Every record below is to be restated verbatim, though its images are not.

[[ RECORD EXCERPTS, beginning ]]

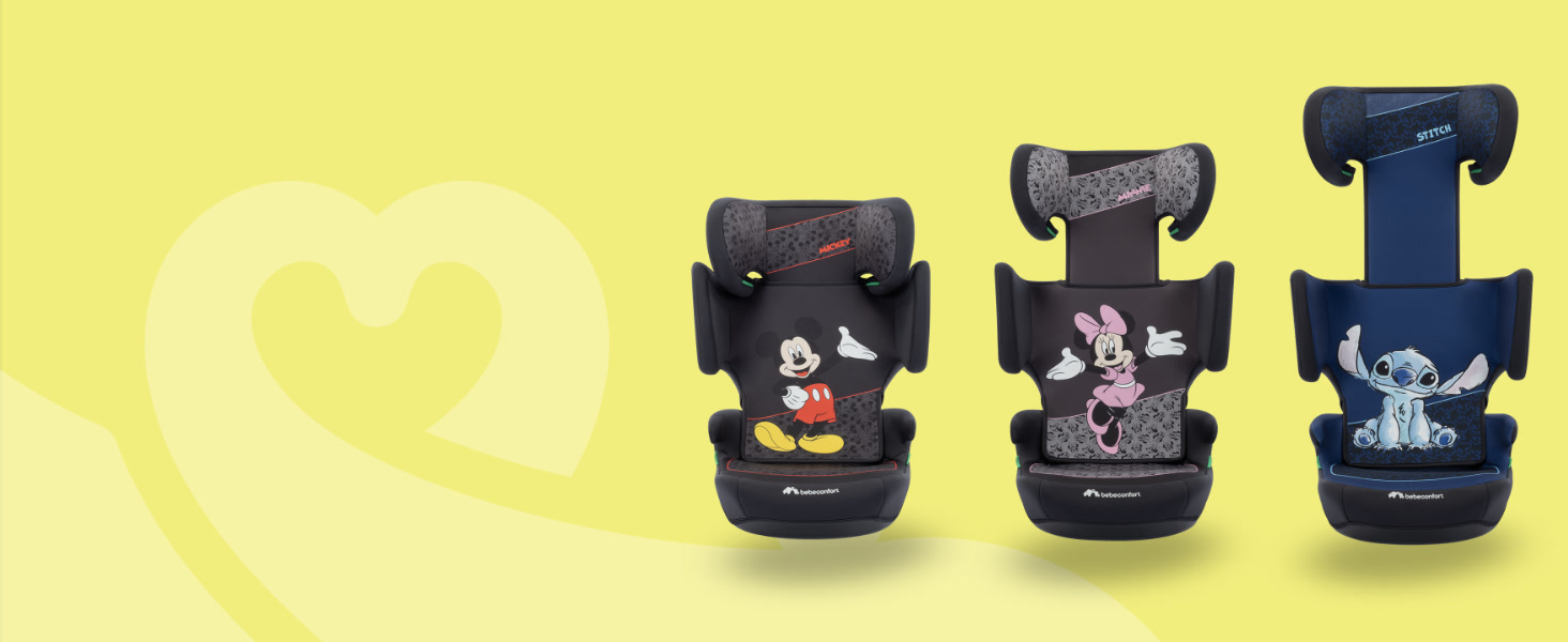 Bring the wonder of Disney to every ride! Our new range of Bebeconfort car seats features Mickey, Minnie, Stitch, and the enchanting world of Frozen. Each one adds a touch of Disney magic to all your family travels — so buckle up and let the fun begin! This lightweight booster seat is suitable for children from approximately 3.5 years old up to approximately 12 years old, for children with a height between 100 and 150cm. This booster seat can easily be installed using the seat belts of your car. Comfort is, next to safety, one of the main priorities for you as a parent when transporting your child. Therefore, Road Safe i-Size has superior cushioning, an extra padded seat and a cushioned headrest which can easily be adjusted to 14 different positions with one hand. RoadSafe i-Size weighs less than 3kg and thanks to the unique compact foldable design of the seat, you can easily transport it and install it in different cars with the seat belts of your car. Let the adventures unfold with the Bebeconfort RoadSafe i-Size booster seat.
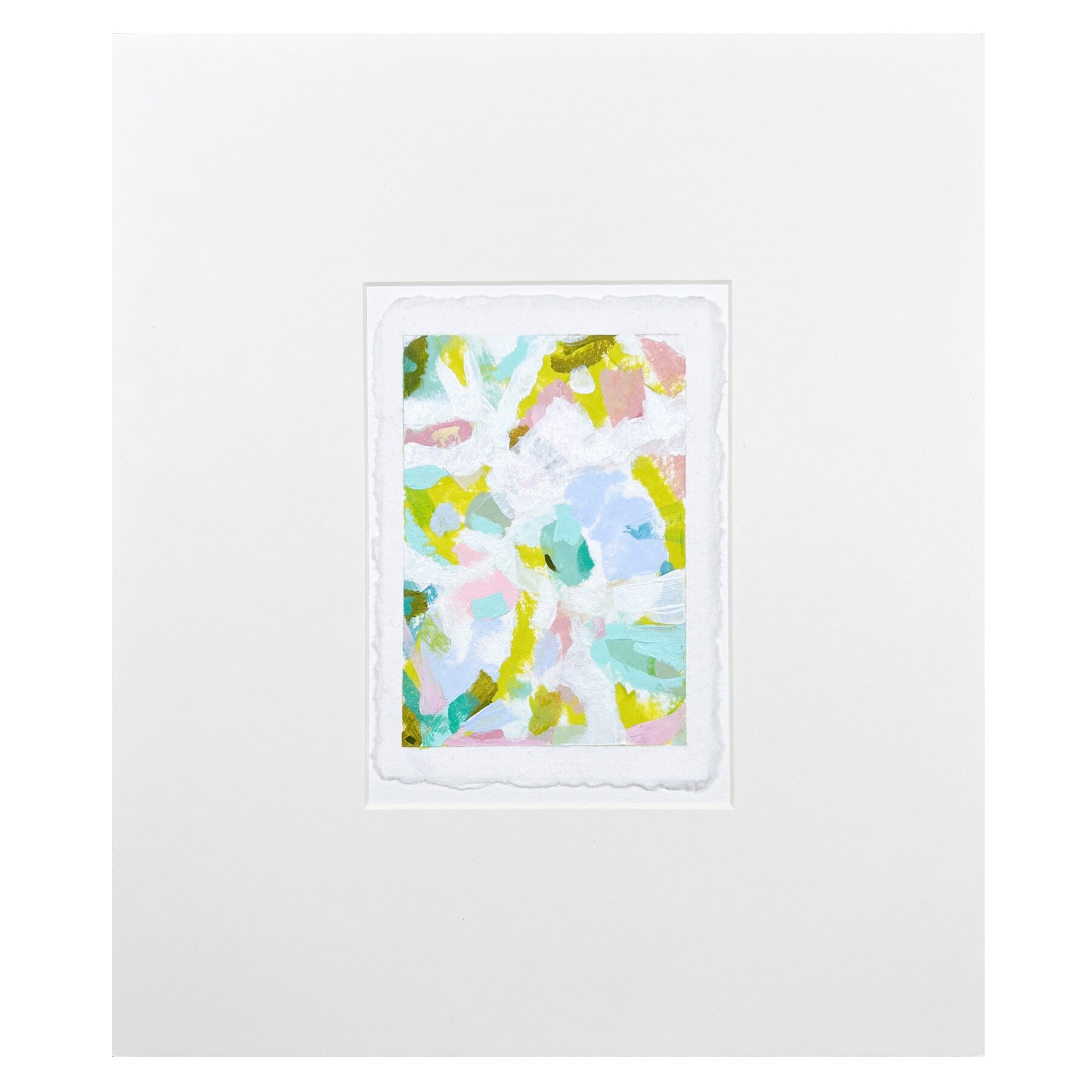 Gouache with Charvin Acrylics on Handmade Deckled Paper in a Brushed Gold Frame with Removable Easel Back/Hooks Attached for Option to Hang. Sour Cream Matte.
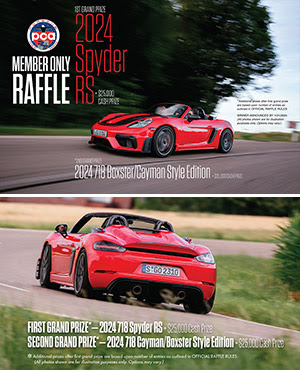 Enter the Fall 2023 Member Raffle for a chance to win a Porsche 718 Spyder RS!
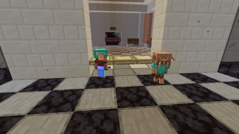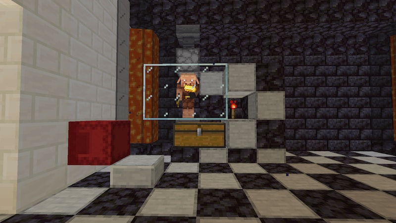 子ピグリンを拠点内に戻すときに、不慮の事故によりダイヤ装備をつけていた子ピグリンが亡くなられました。子ピグリンの1マス上にブロックを置いたら、なぜか窒息ダメージを受け始めました。高さ1マスは通れるはずなので、なぜダメージを受けたのかわかりません。ショック・・・。
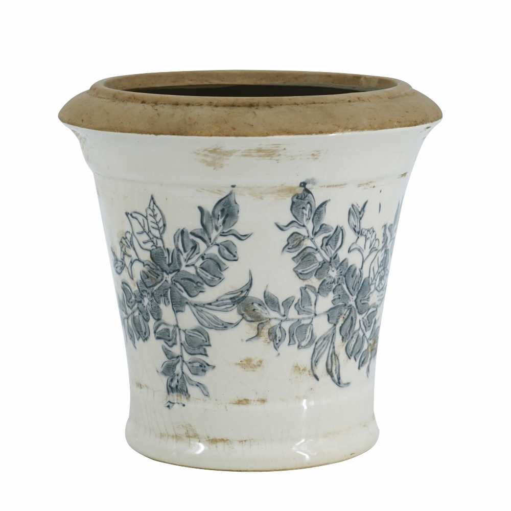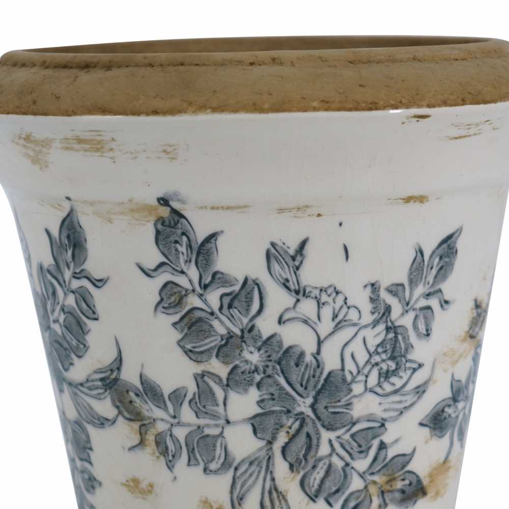 MACETA DE INTERIOR DE CERAMICA BLANCO CON FLORES AZULES
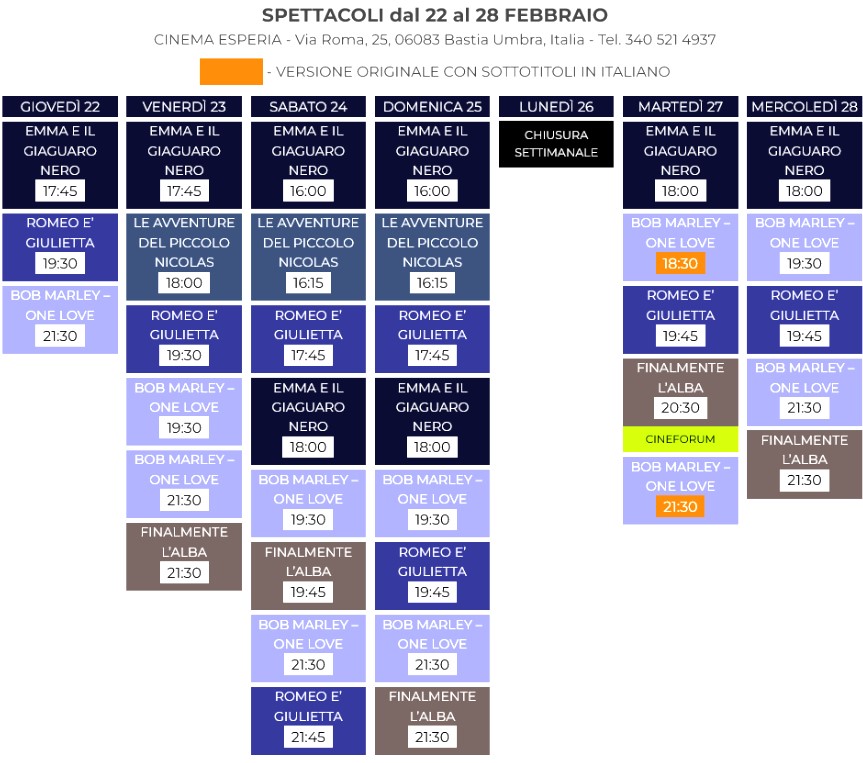 - Bob Marley – One Love: Giovedì 23 Febbraio, ore 19:30 e Sabato 25 Febbraio, ore 22:00.
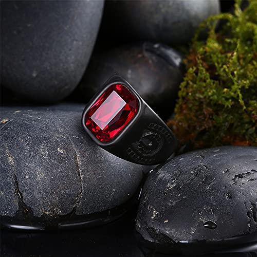 PAMTIER Anello da Uomo in Acciaio Inossidabile Nero con Cristallo Rosso Pietra Preziosa Quadrata Taglia 14

[[ RECORD EXCERPTS, end ]]

> **EXPECTED ANSWER**
 Bring the wonder of Disney to every ride! Our new range of Bebeconfort car seats features Mickey, Minnie, Stitch, and the enchanting world of Frozen. Each one adds a touch of Disney magic to all your family travels — so buckle up and let the fun begin! This lightweight booster seat is suitable for children from approximately 3.5 years old up to approximately 12 years old, for children with a height between 100 and 150cm. This booster seat can easily be installed using the seat belts of your car. Comfort is, next to safety, one of the main priorities for you as a parent when transporting your child. Therefore, Road Safe i-Size has superior cushioning, an extra padded seat and a cushioned headrest which can easily be adjusted to 14 different positions with one hand. RoadSafe i-Size weighs less than 3kg and thanks to the unique compact foldable design of the seat, you can easily transport it and install it in different cars with the seat belts of your car. Let the adventures unfold with the Bebeconfort RoadSafe i-Size booster seat.
 Gouache with Charvin Acrylics on Handmade Deckled Paper in a Brushed Gold Frame with Removable Easel Back/Hooks Attached for Option to Hang. Sour Cream Matte.
 Enter the Fall 2023 Member Raffle for a chance to win a Porsche 718 Spyder RS!
 子ピグリンを拠点内に戻すときに、不慮の事故によりダイヤ装備をつけていた子ピグリンが亡くなられました。子ピグリンの1マス上にブロックを置いたら、なぜか窒息ダメージを受け始めました。高さ1マスは通れるはずなので、なぜダメージを受けたのかわかりません。ショック・・・。
 MACETA DE INTERIOR DE CERAMICA BLANCO CON FLORES AZULES
 - Bob Marley – One Love: Giovedì 23 Febbraio, ore 19:30 e Sabato 25 Febbraio, ore 22:00.
 PAMTIER Anello da Uomo in Acciaio Inossidabile Nero con Cristallo Rosso Pietra Preziosa Quadrata Taglia 14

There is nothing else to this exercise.